» **Dataset extract**:
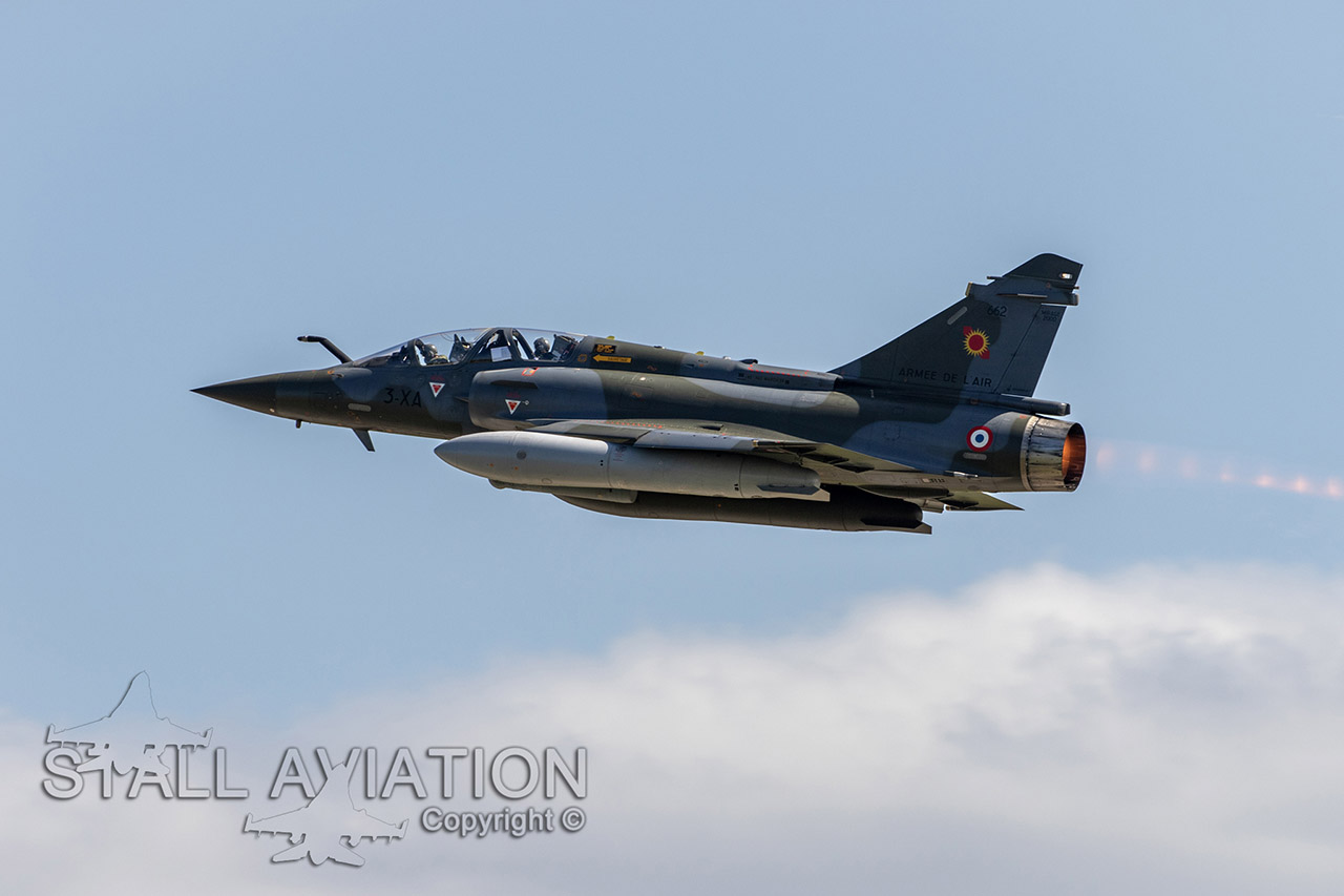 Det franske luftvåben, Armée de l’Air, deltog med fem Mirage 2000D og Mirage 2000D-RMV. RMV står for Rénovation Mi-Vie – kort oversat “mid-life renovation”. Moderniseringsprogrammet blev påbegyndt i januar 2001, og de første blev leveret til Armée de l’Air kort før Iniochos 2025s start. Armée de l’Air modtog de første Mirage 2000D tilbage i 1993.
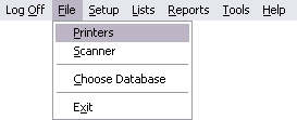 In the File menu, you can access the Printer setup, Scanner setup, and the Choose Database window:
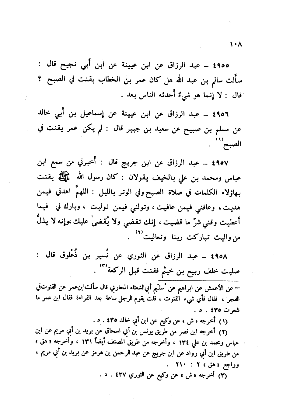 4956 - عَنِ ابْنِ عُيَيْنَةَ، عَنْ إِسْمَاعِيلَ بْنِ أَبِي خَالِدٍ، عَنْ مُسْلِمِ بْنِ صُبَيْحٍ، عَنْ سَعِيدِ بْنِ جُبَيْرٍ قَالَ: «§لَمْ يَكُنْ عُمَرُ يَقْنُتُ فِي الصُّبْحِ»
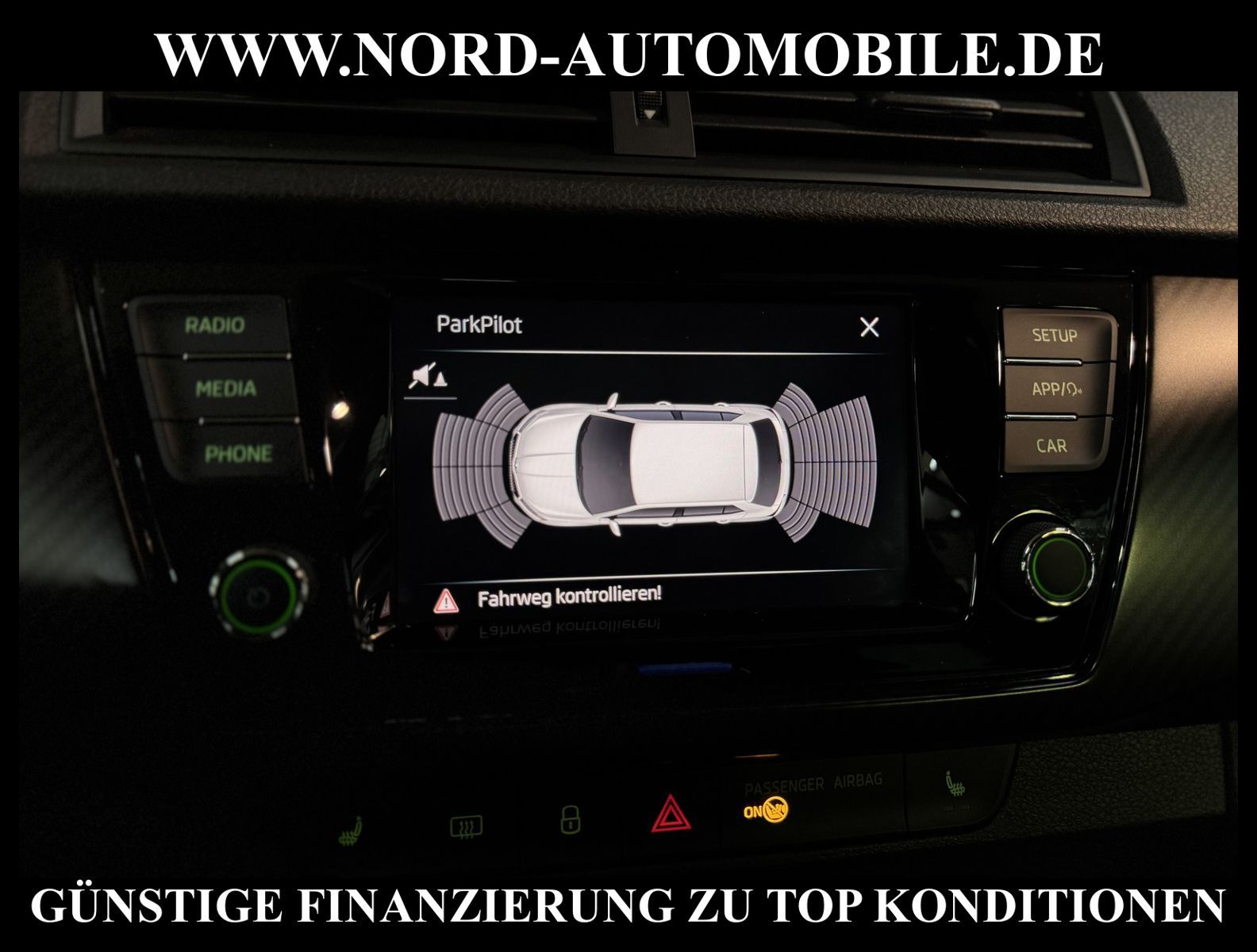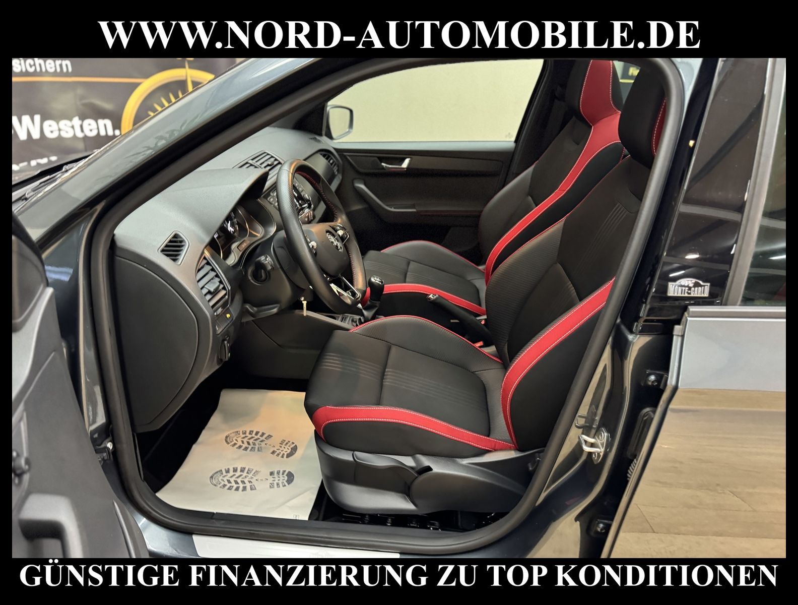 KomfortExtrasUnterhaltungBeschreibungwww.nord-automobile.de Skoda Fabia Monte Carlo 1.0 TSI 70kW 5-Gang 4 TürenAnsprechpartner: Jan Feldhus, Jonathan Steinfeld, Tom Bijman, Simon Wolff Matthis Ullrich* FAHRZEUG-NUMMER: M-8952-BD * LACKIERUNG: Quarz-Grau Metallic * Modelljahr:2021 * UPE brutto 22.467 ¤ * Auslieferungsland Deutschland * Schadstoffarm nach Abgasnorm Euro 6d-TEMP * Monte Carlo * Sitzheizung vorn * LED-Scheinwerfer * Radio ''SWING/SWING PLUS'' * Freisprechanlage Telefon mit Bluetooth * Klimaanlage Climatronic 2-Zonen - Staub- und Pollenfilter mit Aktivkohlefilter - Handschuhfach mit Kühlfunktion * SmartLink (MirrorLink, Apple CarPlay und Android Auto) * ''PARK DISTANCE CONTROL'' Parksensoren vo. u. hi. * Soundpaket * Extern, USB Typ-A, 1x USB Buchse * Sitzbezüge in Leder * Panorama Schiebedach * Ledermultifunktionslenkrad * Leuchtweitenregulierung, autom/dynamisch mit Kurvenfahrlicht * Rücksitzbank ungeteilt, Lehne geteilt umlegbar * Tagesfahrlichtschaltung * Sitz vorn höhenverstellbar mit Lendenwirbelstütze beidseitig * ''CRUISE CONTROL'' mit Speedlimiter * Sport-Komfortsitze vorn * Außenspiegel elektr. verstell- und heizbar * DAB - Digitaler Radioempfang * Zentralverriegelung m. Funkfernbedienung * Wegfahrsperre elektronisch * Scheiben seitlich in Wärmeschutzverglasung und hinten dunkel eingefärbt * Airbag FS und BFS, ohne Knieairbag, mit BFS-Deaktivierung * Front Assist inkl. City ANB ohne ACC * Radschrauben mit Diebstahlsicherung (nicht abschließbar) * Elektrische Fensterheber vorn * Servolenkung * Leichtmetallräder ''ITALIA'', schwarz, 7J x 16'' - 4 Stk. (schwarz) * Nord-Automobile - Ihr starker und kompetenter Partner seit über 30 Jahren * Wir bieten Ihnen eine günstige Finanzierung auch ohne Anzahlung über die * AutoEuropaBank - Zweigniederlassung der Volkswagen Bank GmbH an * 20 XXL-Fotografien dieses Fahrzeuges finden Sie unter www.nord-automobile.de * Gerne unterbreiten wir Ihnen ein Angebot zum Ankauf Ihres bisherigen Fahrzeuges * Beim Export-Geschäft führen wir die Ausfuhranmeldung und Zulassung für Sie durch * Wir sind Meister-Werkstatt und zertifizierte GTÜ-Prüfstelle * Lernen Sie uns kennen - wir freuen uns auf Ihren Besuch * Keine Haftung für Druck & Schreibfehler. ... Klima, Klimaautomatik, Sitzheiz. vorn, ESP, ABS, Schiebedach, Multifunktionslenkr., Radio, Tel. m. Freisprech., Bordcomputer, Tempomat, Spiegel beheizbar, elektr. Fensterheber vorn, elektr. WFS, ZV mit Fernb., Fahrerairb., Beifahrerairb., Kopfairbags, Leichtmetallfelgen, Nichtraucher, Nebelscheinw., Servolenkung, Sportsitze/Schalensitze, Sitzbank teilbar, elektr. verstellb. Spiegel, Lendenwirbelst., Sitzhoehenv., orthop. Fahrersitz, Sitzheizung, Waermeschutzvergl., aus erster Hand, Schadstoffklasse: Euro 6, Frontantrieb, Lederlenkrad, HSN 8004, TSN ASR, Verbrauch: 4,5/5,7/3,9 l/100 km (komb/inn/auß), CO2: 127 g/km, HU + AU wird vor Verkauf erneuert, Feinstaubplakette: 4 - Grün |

» **Exercise brief**: Print the data above from its first line through the line that has "4956 - عَنِ", exactly and with nothing else, omitting pictures.

» **Your solution**:
 Det franske luftvåben, Armée de l’Air, deltog med fem Mirage 2000D og Mirage 2000D-RMV. RMV står for Rénovation Mi-Vie – kort oversat “mid-life renovation”. Moderniseringsprogrammet blev påbegyndt i januar 2001, og de første blev leveret til Armée de l’Air kort før Iniochos 2025s start. Armée de l’Air modtog de første Mirage 2000D tilbage i 1993.
 In the File menu, you can access the Printer setup, Scanner setup, and the Choose Database window:
 4956 - عَنِ ابْنِ عُيَيْنَةَ، عَنْ إِسْمَاعِيلَ بْنِ أَبِي خَالِدٍ، عَنْ مُسْلِمِ بْنِ صُبَيْحٍ، عَنْ سَعِيدِ بْنِ جُبَيْرٍ قَالَ: «§لَمْ يَكُنْ عُمَرُ يَقْنُتُ فِي الصُّبْحِ»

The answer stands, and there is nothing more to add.